Start of Block

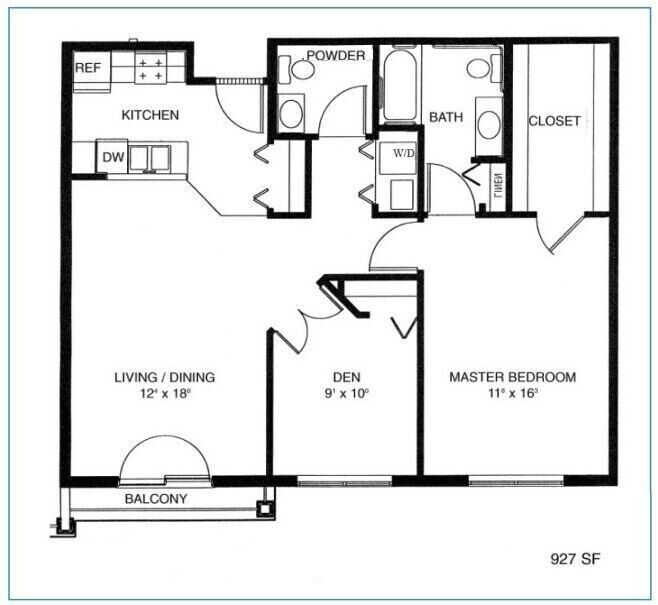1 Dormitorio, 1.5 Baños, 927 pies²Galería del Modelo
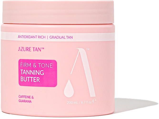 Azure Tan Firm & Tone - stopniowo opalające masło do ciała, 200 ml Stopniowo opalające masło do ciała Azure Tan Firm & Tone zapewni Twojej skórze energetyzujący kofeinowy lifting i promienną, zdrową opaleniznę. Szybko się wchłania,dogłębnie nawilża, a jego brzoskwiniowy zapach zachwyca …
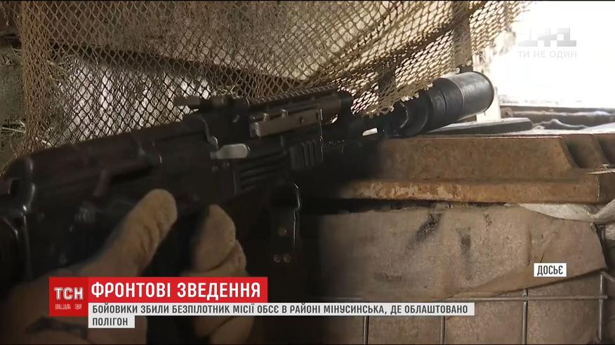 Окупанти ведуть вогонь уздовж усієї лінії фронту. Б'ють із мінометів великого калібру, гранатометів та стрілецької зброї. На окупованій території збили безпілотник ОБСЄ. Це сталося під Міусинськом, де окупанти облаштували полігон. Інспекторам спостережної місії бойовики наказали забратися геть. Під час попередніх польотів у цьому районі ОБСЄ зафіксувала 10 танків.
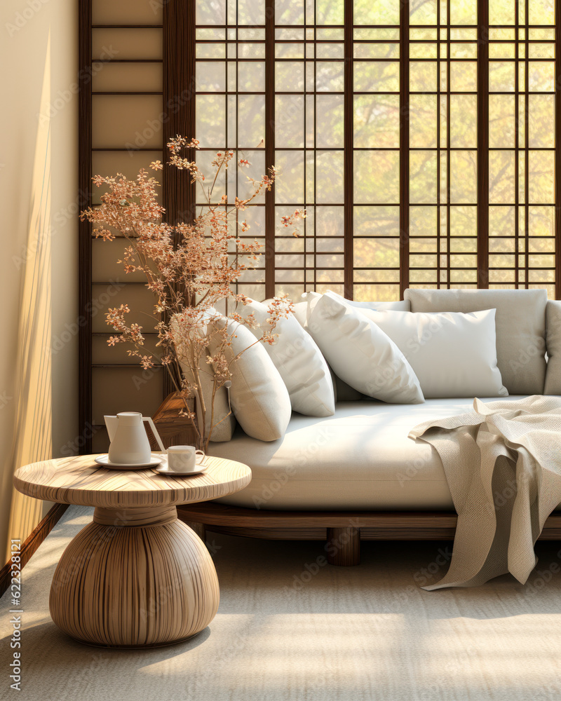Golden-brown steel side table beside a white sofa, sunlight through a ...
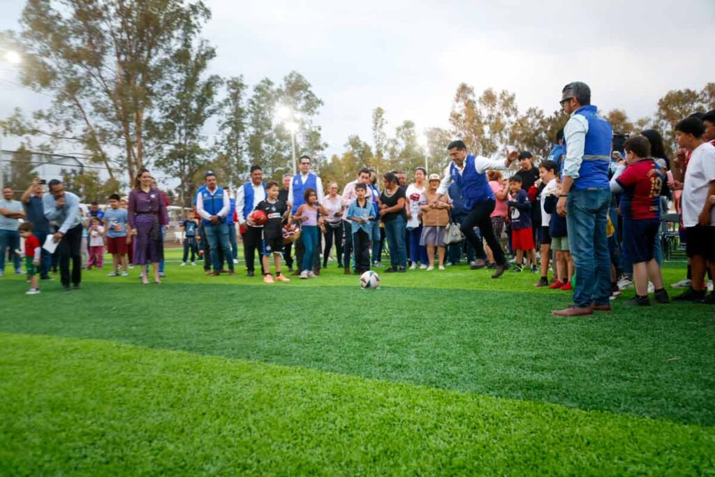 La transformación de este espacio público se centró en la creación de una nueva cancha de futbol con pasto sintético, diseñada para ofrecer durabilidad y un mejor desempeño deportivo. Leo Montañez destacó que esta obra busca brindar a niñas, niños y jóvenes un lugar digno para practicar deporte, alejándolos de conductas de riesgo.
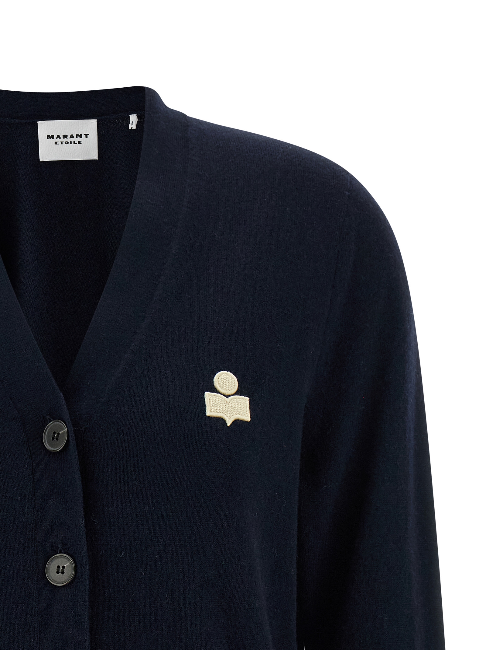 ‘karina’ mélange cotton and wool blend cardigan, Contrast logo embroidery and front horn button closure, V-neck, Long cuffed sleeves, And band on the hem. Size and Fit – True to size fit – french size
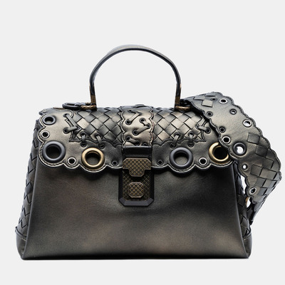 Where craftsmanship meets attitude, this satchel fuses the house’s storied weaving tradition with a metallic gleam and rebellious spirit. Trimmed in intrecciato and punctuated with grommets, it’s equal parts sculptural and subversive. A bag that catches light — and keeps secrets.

End of Block

Exercise goal — Set down the line containing "La transformación de" and every line after it up to the end of the material, exactly as written, but not the pictures.

The completed task —
 La transformación de este espacio público se centró en la creación de una nueva cancha de futbol con pasto sintético, diseñada para ofrecer durabilidad y un mejor desempeño deportivo. Leo Montañez destacó que esta obra busca brindar a niñas, niños y jóvenes un lugar digno para practicar deporte, alejándolos de conductas de riesgo.
 ‘karina’ mélange cotton and wool blend cardigan, Contrast logo embroidery and front horn button closure, V-neck, Long cuffed sleeves, And band on the hem. Size and Fit – True to size fit – french size
 Where craftsmanship meets attitude, this satchel fuses the house’s storied weaving tradition with a metallic gleam and rebellious spirit. Trimmed in intrecciato and punctuated with grommets, it’s equal parts sculptural and subversive. A bag that catches light — and keeps secrets.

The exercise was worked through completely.